Ever have a lazy co-worker, family member, or passerby ask you a question that they could have looked up themselves?

Try Let me google that for you

Please do not abuse this privilege on the PB. Enjoy!


----------



## ReformedWretch (Dec 8, 2008)

Ha!!


----------



## Pilgrim (Dec 8, 2008)

crhoades said:


> Ever have a lazy co-worker, family member, or passerby ask you a question that they could have looked up themselves?
> 
> Try Let me google that for you
> 
> Please do not abuse this privilege on the PB. Enjoy!

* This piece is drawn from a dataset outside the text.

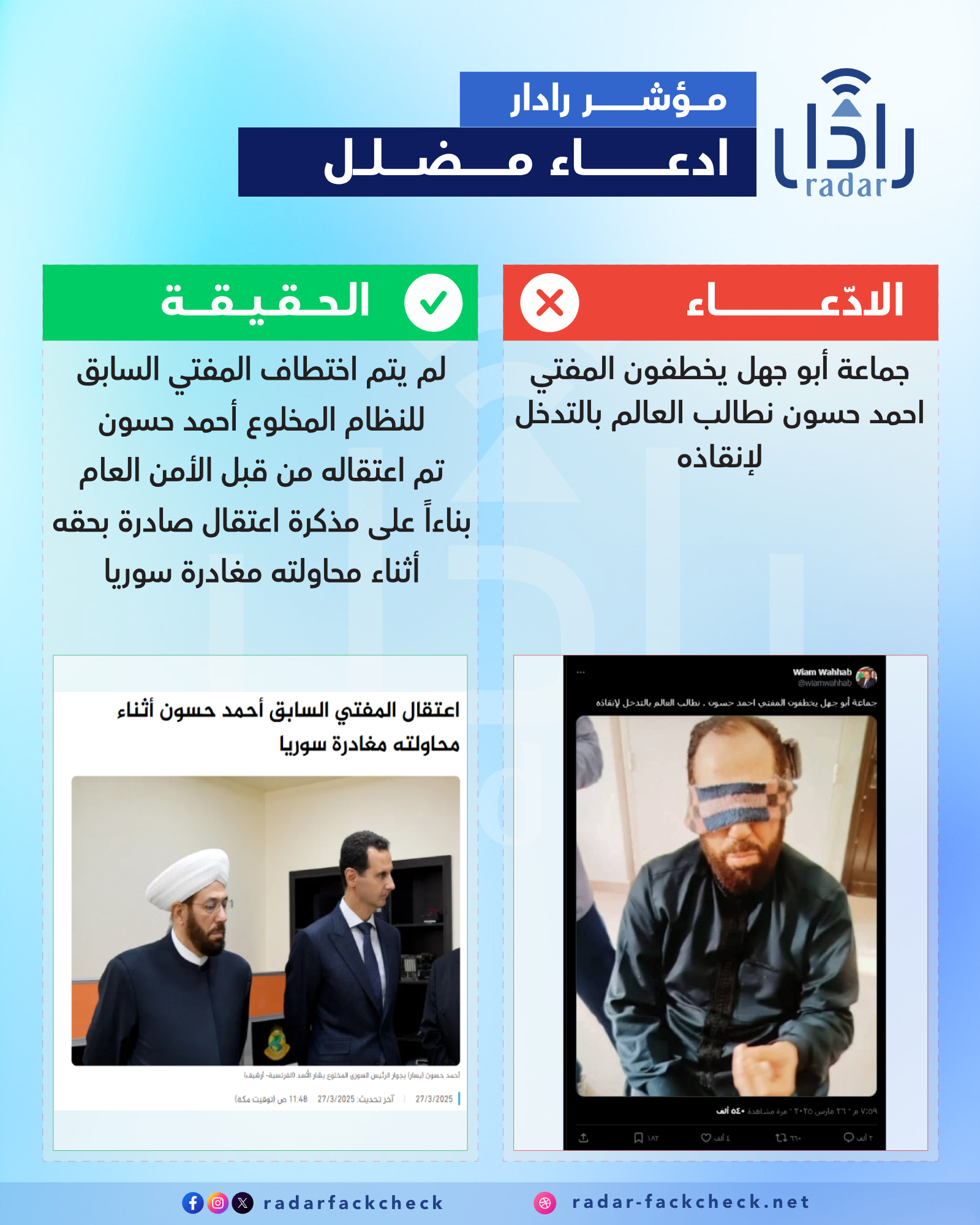 أجرى فريق منصة رادار بحثاً حول الأنباء المتداولة عن اختطاف المفتي السوري السابق أحمد بدر الدين حسون، وتوصل إلى أن الأمن العام السوري ألقى القبض عليه بناءً على مذكرة توقيف صادرة عن النيابة العامة، حيث تم اعتقاله في مطار دمشق الدولي أثناء محاولته مغادرة البلاد إلى وجهة غير معلنة.

Well, there are probably at least a few hundred threads on here in which it would have been appropriate.


----------



## Theoretical (Dec 8, 2008)

Priceless.


----------



## Herald (Dec 8, 2008)

Love it!


----------



## turmeric (Dec 8, 2008)

How does it work? Do you send the page to someone who asks you to google or what?


----------



## matt01 (Dec 8, 2008)

turmeric said:


> How does it work? Do you send the page to someone who asks you to google or what?




After typing in their question, you send them the URL at the bottom of the screen...


----------



## JohnGill (Dec 8, 2008)

*Here on the PB*

We say "Let me Andrew that for you." It's the same thing.


----------



## Blue Tick (Dec 8, 2008)

JohnGill said:


> We say "Let me Andrew that for you." It's the same thing.


----------



## LawrenceU (Dec 8, 2008)

I love it. I'll be using that tomorrow.


----------



## Kim G (Dec 9, 2008)

That is AWESOME! I'll share it with my Google-loving coworker so we can start using it at work.


----------



## he beholds (Dec 9, 2008)

JohnGill said:


> We say "Let me Andrew that for you." It's the same thing.



That is so funny! I was thinking, I hope VirginiaHuguenot doesn't start doing that to us!


----------



## VirginiaHuguenot (Dec 9, 2008)

he beholds said:


> JohnGill said:
> 
> 
> > We say "Let me Andrew that for you." It's the same thing.
> ...


----------